Baltimore Orioles open the apple blossoms to find treats within.
Yellow-bellied Sapsuckers drill for sweet sap that flows within the old Apple trunks.
Looking up from the blueberry field there is a multitude of new spring hue and texture in leaves and blooms.
Standing beneath the Apple Gateway looking up towards the 1790 farmhouse, Magnolia soulangeana, and majestic two-hundred-year-old Rock Maples.
Male Baltimore Oriole (above) and female (below) favor the Apple blossoms for gleaning tasty insects.
A 'bonsai' Apple appears to be growing from of an outcropping of granite.
Our most majestic Apple offers an interesting form and delicious fruit.
The 'bonsai' apple is over to the left . . . a Shagbark Hickory in the background of the upper garden.

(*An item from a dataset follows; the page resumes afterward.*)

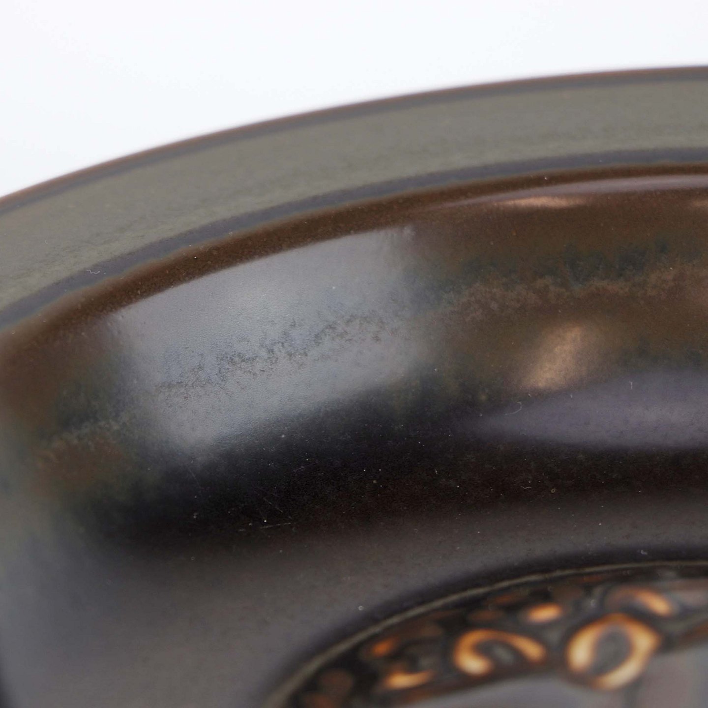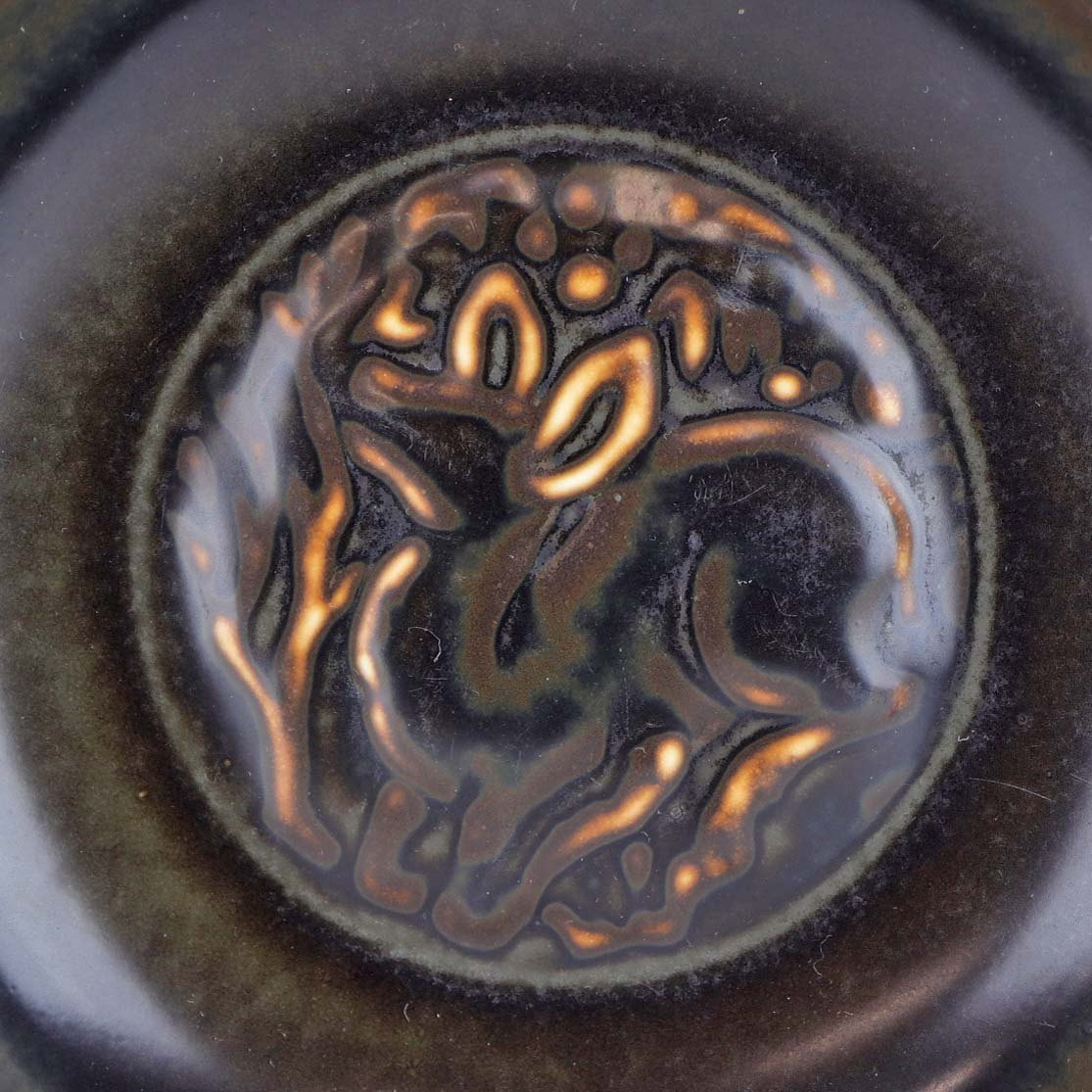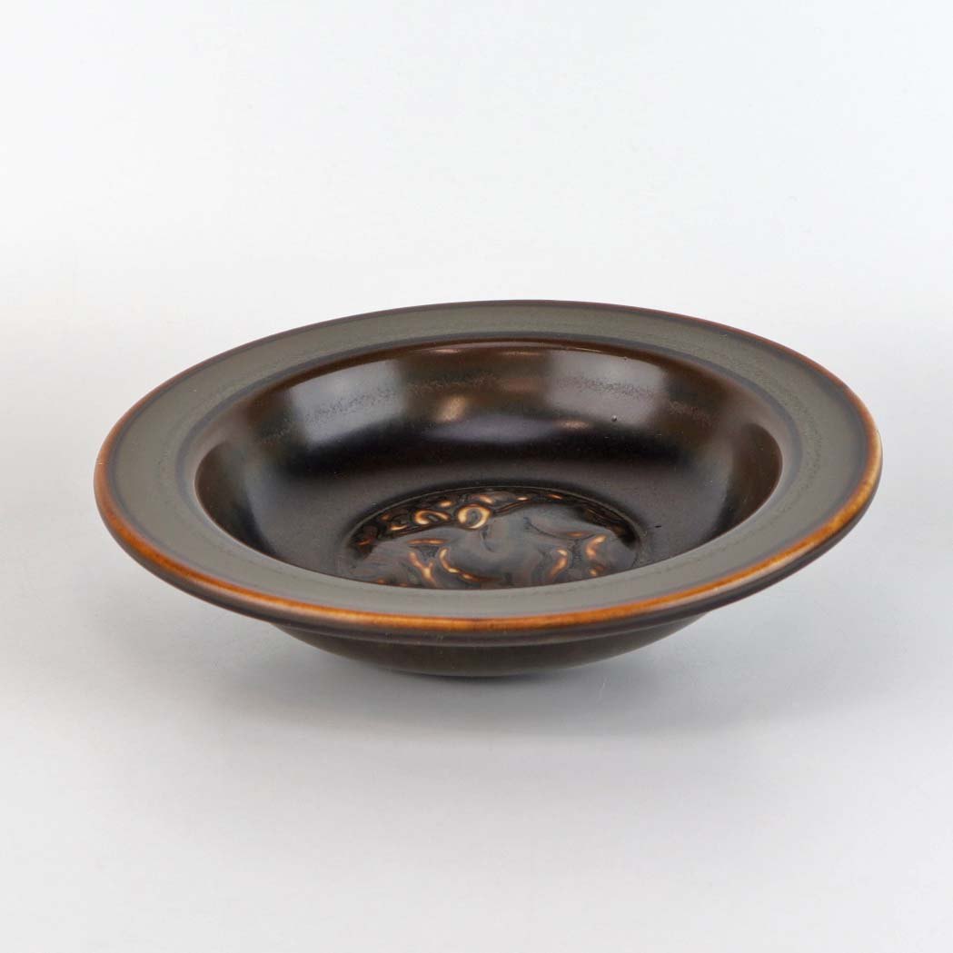 Skål i brunt stentøj med motiv af liggende hjort. Nr. 158

I have not taken the fruit to an expert to identify, but they are heirloom varieties
akin to McIntosh, Cortland and Roxbury Russet with one of the Gateway apples reminding me of a Golden Delicious.
Light, wind and mist embrace trees wearing white blossoms or leafy greens and there is such a diversity of life flitting in and out of the bountifulness of branches. Crusty, languid limbs of Apple stately stand about our surroundings throughout the seasons . . . like charcoal drawn sentinel beings slicing the air while their supportive fleshy roots reach deeply down into the dark, moist, restorative, loamy womb of our earth. They are our connection to that which dwells within a soulful, regenerative realm beneath the lively, light-filled, surface layer we stride upon. 'Trees of knowledge' nourishing body and spirit and like a good friend, offering a solid something to lean into. I love these dear old friends . . . that never stop giving . . . inspiring in their beauty and deliciously beneficial in their sustenance for all life.
Monday, May 20, 2013
Grey Birch and one of the Apples of our 'Gateway' in the blueberry fields.
Our oldest Apple above and below.
A Shag-bark Hickory stands in the upper garden.
Tree Swallow calls, songs and duets fill the early spring sky with grace and gurgling as females wrangle.
Looking up from the blueberry field, where within the heath this day . . . I eyed an Eastern Pine Elfin.
To the left before the 'Star' Magnolia, one of the Apples of the 'Gateway' stands and the other is featured below with stellata blossoms in the background.
A one-hundred year old Apple is dwarfed by the two-hundred year old Rock Maples.
Another Apple in the rock garden near a smaller stellata seems diminished by the giants.
Crown of Apple, Rock Maple and stellata merge into pink weeping cherry.
Tree Swallow couple's favorite cherry branch perch.
When the Magnolia stellata is fully blown open . . . other buds begin bursting too.
Still needing more pruning, the 'bonsai' Apple spreads over the large boulders of the old rock garden.
Spring is filled with song and alarm calls from hundreds of birds. I noted this robin's frightful clamor and took camera and self out to see what was the matter.
Going towards the direction it was eyeing I found the reason for its piercing notes. It is always good to listen and watch what goes on in our gardens.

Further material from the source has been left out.